15 years old. Running across a beach into the wind, laughing with a best friend, holding up a beach towel behind us. We’re on a high school field trip at Ocean Beach Park in New London, Conn. We felt like we were flying. Do you remember , Margie Healy?
30 years old. So nervous while performing on stage I wondered what would happen if I stopped dancing because of a heart attack. Would the dance go on around me or would someone dressed in black grab me by the leg and pull me offstage so the dance could go on?
9 years old. Getting ready for a recital, changing into my costume in a jr. high school classroom.I had a solo to do, tapping on toe on a stair box, all the rage then. in Holyoke. My mom pulls out my toes shoes which she had to dye red (remember the Red Shoes?) only to discover they had shrunken and there was no way I could get into them. I had to go onstage and perform the dance in my regular tap shoes. This was a huge embarrassment because I was already an accomplished tapper. The tap dance for toe was a very much simplified version of what I could do. Of course I’m sure I was the only one who knew the difference.Or who cared.
16 years old. Driving in a late summer hurricane with my Mom at the wheel on a beach road in Connecticut, trying to get away from the storm. Were we nuts? She obviously didn’t feel safe at home a block and a half from the ocean. Trees falling behind us, it’s a miracle we weren’t felled too. When we did return safely home, there were boats in our front yard.
11 years old. Stopping at a farm stand with my mother to bring a large bunch of gladiolas to my grandmother. They were every brilliant color of the rainbow. $2. a dozen.
30 years. Waiting for the OB to arrive while in the delivery room. The nurses told me not to push until the doc arrived. I decided to ignore them and push the little creature O U T. It was ok!
31 year. A pink hedge of peonies in June, lining the driveway of a rented house. Spectacular.
A neighbor’s great dane galloping towards me as I walked home from school. At the very last moment, he swerved away. Terrifying.
12 years old. Playing the part of Curly in the camp production of Oklahoma! I already knew all the lyrics, of course.
12 years old. Buying my first “training” bra. Did I have puppies growing on my chest?
For many years. Loving a strawberry ice cream soda with strawberry ice cream. Best from Friendly’s.
16 years old. Driving by the house of a teacher I had a crush on. This went on for too many years!

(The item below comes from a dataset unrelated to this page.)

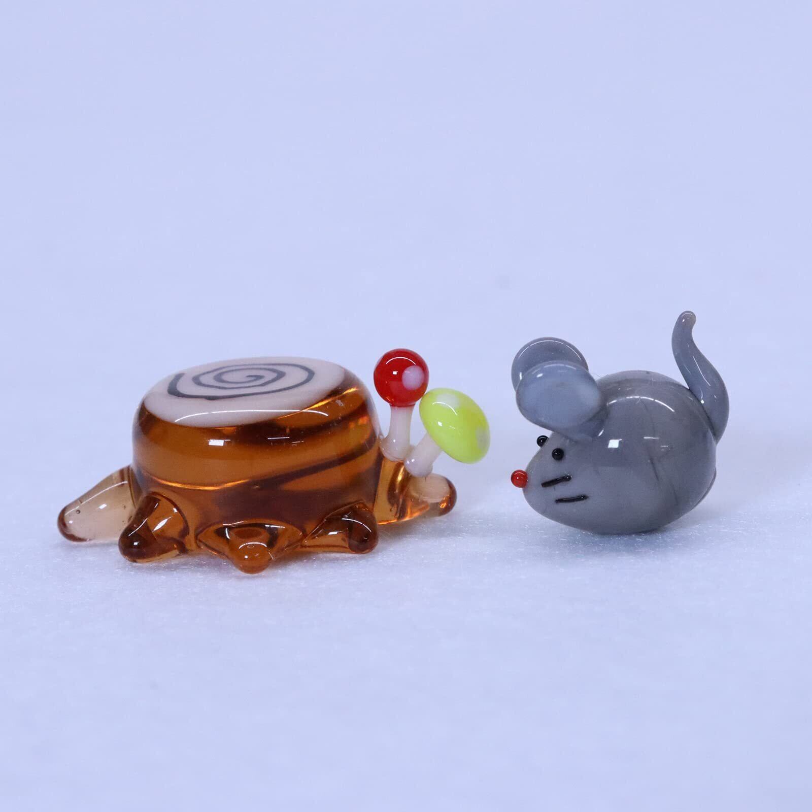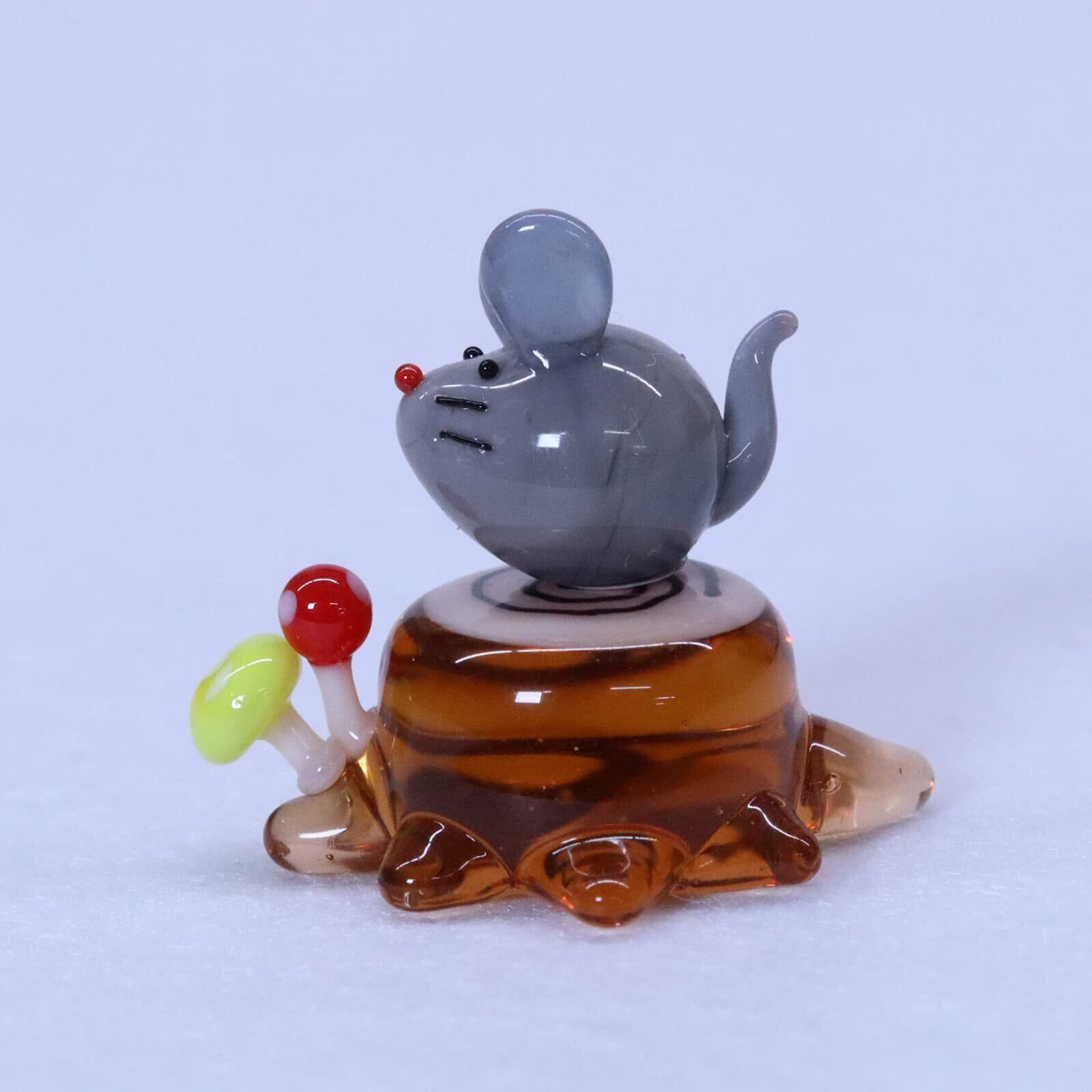 [新 かわいらしい ガラス細工 ネズミと切り株]

8 years old. Coming back to 3rd grade class as a champion after winning a radio contest about books( most of which I’d never read.)
12 years old. The day my dog Rexie was hit by a car and ran away until the wee hours of the night. I went to bed sobbing. My Mom woke me up to tell me he was back, battered but alive!
8 years old. Driving to school with my father. The door of the station wagon swung open and deposited me in a snowbank just as he made a turn to go over the South Hadley bridge. As he pulled me up, looking shaken, the first thing he said to me was, “Don’t tell your mother!” ‘YOU’re ok!” and I was.
7 years old. The excitement of getting a new puppy. A white collie. He was in a cardboard box, sliding from one side to the other, as I watched him as we drove him home.
Being so homesick, I thought it would tear me apart, first summer at Camp Sandy Neck in Barnstable, Mass. Dreams of running away, walking across the bay at low tide and then hitch hiking to Western Mass. I saved up a few peanut butter sandwiches for the trip. One that I never attempted, fortunately!
For many years. Getting my dance costumes each spring before the dance recitals. They were always items of beauty in my mind. If my mother hadn’t given them all away, they’d probably be in glass cases permanently attached to my bedroom walls. I remember the bluebird number particularly well.
12 years old. Dad was holding down the fort as my mother vacationed in Fla. It was the night of the Academy awards and he asked me to go to bed well before the Awards began. I tried to argue that Mom would always allow me to stay up late. No use. He was strangely not moved in the least. I was VERY disappointed. Angry too.